誰かの「はい」。誰かの「いるよ」。誰かの「ありがとう」。短い声ばかりが、床の継ぎ目に留められている。


その端に、ニカの声がまだ薄く絡んでいた。


ノラは割れ目を見た。


閉じたい。


けれど、今ここで床を壊して奥へ進めば、ニカを抱えたまま時間を失う。完全な迷宮ではない。枝口だ。根は残っている。核がどこにあるかも分からない。


今、外へ出すべきものは決まっている。


生きているニカ。


それと、奥へ置いてはいけない靴。


ノラはニカの腕を取った。


「立つよ」


ニカは布を噛んだまま、ぎこちなく立ち上がった。膝が抜けかける。ノラが支える。細い体は軽いはずなのに、部屋の空気が足元を引いていた。


床の中央に置かれた小さな靴が、かすかに動いた。


白い綿が、靴の方へ伸びる。


「それ、わたしの」


ニカの目が靴へ向いた。


ノラは先に言う。


「見るだけ」


ニカは首を横に振った。


布を外そうとする。


ノラはその手を押さえた。


「声にするな。目で言って」


ニカは泣きながら、靴を指差した。


置いていけない。


そういう目だった。


ノラは靴を拾った。


小さかった。片手に乗る。直した跡が多い。底の外側はきれいなのに、内側だけがすり減っている。靴の中には、足の温度が残っていない。


ニカが手を伸ばす。


ノラは靴を渡した。


「抱えて。奥へ置かない」


ニカは布を噛んだまま、靴を胸に抱いた。


割れ目の泣き声が強くなった。


「こっちに置いて」


「寒いの」


ニカの足が止まる。


ノラはニカの肩を押した。


「本当にその子のものなら、他の子に運ばせない」


ニカの目がノラを見る。


「ここへ置いたら、次の子がまた運ばされる」


ニカは靴を抱く腕に力を込めた。


床の白い筋が、ニカの足首へ伸びる。ヨルが飛び込み、筋の手前に爪を立てた。白いものが震え、細くほどける。


ノラはニカを入口へ向かわせた。


物置の戸口までは短い。


それなのに、部屋が遠くなる。


小さな椅子が横目に入る。欠けた食器が鳴る。薬包の甘い匂いが強くなる。人形の縫い目から、白い綿が少しはみ出していた。

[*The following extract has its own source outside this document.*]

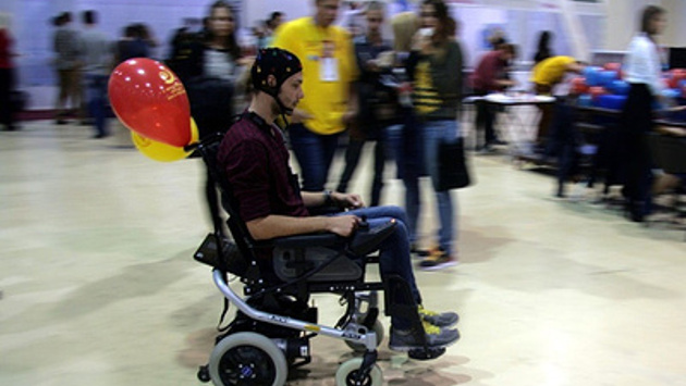 Силой мысли теперь можно отдавать команды смартфону, планшету и даже инвалидной коляске. Страницы на экране планшета будут перелистываться так, как вы им прикажете, а коляска поедет в нужном направлении. Технологию разработали молодые ученые из Ростова-на-Дону, и ее уже успешно тестируют люди с ограниченными физическими возможностями, для которых в основном и создавался новый нейроинтерфейс — мобильная гарнитура, передающая сигналы мозга на управляемое устройство. Сейчас авторы технологии ищут инвестора, чтобы разработку можно было запустить в серийное производство. "Ничего сверхъестественного" Отдать мысленный приказ и заставить коляску просто поехать вперед не так просто. По крайней мере мне это удается далеко не сразу. Представлять "картинку" бесполезно, командовать вслух — тоже. "Нужно сформировать ту же самую мысленную команду, которую каждый раз генерирует наш мозг, когда мы ходим. Большинству людей это удается не сразу, потому что в обычной жизни мы не часто задумываемся о том, как именно мы должны управлять правой и левой ногами. Лично я, когда тестирую нейроинтерфейс на себе, представляю, как я иду по лестнице", — объясняет Николай Свиридов, руководитель ООО "NeuroIT", автор идеи и один из создателей разработки. Мысль о лестнице помогает — я представила, что мне нужно подняться на ступеньку, и кресло наконец двинулось вперед, а стена небольшого кабинета, в котором мы проводим эксперимент, стала стремительно приближаться. "Чтобы остановиться, надо просто расслабиться, перестать думать о движении ногами!" — спешит подсказать Николай, пока я не врезалась. Но остановить коляску мне с непривычки так же непросто, как и сдвинуть с места. Поэтому я просто выезжаю в коридор, благо он длинный, можно ехать и не волноваться. Сначала все это кажется некоей мистификацией — поверить, что никто за твоей спиной не нажимает тайком на кнопки какого-нибудь пульта, получается не сразу. Однако сами разработчики утверждают, что "ничего сверхъестественного" в таком мысленном управлении нет. Как это работает Управление происходит с помощью мобильной гарнитуры, которая состоит из "шапочки" с несколькими датчиками и небольшой, с четверть ладони, платы. "Это усилитель биопотенциала, который считывает электрическую активность мозга с поверхности кожи головы, передает их по каналу Bluetooth на любое устройство и позволяет выполнять мысленные команды или осуществлять мониторинг психофизиологического состояния человека", — рассказывает технический директор и сооснователь компании Дмитрий Лазуренко. Сигналы мозга датчики считывают в виде обычной энцефалограммы. Специальная программа преобразует эти данные в команды. "Чтобы управлять нейроинтерфейсом, необходимо откалиброваться. Во время процедуры калибровки происходит настройка каждой команды управления и закрепляются индивидуальные значения наблюдаемых сигналов мозга, основываясь на которых, программа принимает решение сгенерировать соответствующую команду с тем, чтобы передать ее креслу, — говорит Лазуренко. Всего для управления коляской предусмотрено четыре моторные команды — движение вперед, назад, поворот направо и налево. Аналогичные команды — вверх, вниз, вправо и влево — используются для управления смартфоном, только в этом случае они отдаются мысленным движением правой и ле

その綿が、奥の割れ目の白さと同じに見えた。


ニカの足がまた止まりかける。


奥から、低い声がした。


「置いていくな」


子どもの声ではなかった。


靴屋でもない。家で聞く声でもない。さっきまでの甘さを捨てた、湿った口そのものの声だった。


ニカの体が固まる。


ノラは振り返らなかった。


「ニカ。外の光を見る」


ニカは布を噛んだまま、戸口を見た。


外から夕方の光が差している。マルヤの声も聞こえる。男が何か言おうとして、マルヤに遮られている。人のいる場所の音だった。


「出たら、好きなだけ泣いていい。今は歩け」


ニカは足を前へ出した。


膝が震える。けれど、靴を抱く腕はほどけなかった。


ヨルが先に戸口を抜ける。ノラがニカの背を支える。白い綿が床を這い、靴の先へ伸びた。


ノラは短剣を逆手に持ち、床板へ突き立てた。


黒い熱は、指の骨の内側で一瞬だけ灯った。


床板が焦げたのではない。白い筋だけが、熱を嫌うように縮んだ。


割れ目の奥が低く鳴る。


ノラはそこで初めて、横目を向けた。


「優しい子の声で、次の子を呼ぶな」


割れ目の白い縁が、細かく震えた。


反応は待たなかった。


ノラはニカを外へ押し出した。


庭の空気が、急に広くなった。


ニカは外へ出た途端、膝をついた。布を口から外し、咳き込む。声は出た。かすれているが、ニカ自身の声だった。


マルヤがすぐに駆け寄った。


「水。布も」


灯口の者が動く。男が近づこうとしたが、マルヤが帳簿を抱えたまま視線だけで止めた。


「あなたはそこにいて。今から聞くことは、全部記録に残す」


男は口を閉じた。


ニカは小さな靴を胸に抱いたまま、泣き出した。


大きな声ではなかった。布を噛んで飲み込んだ言葉が、あとから涙になって出てきたような泣き方だった。


ノラは物置の戸を見た。


中から声はまだする。


けれど、消えてはいない。


「ありがとうって、言って」


誰にも向けていないような声で、奥がまだ待っていた。


ノラは戸を閉めた。


完全には閉まらない。壊した継ぎ目から、白いものが少しだけのぞいている。ヨルがその前に立ち、低く喉を鳴らした。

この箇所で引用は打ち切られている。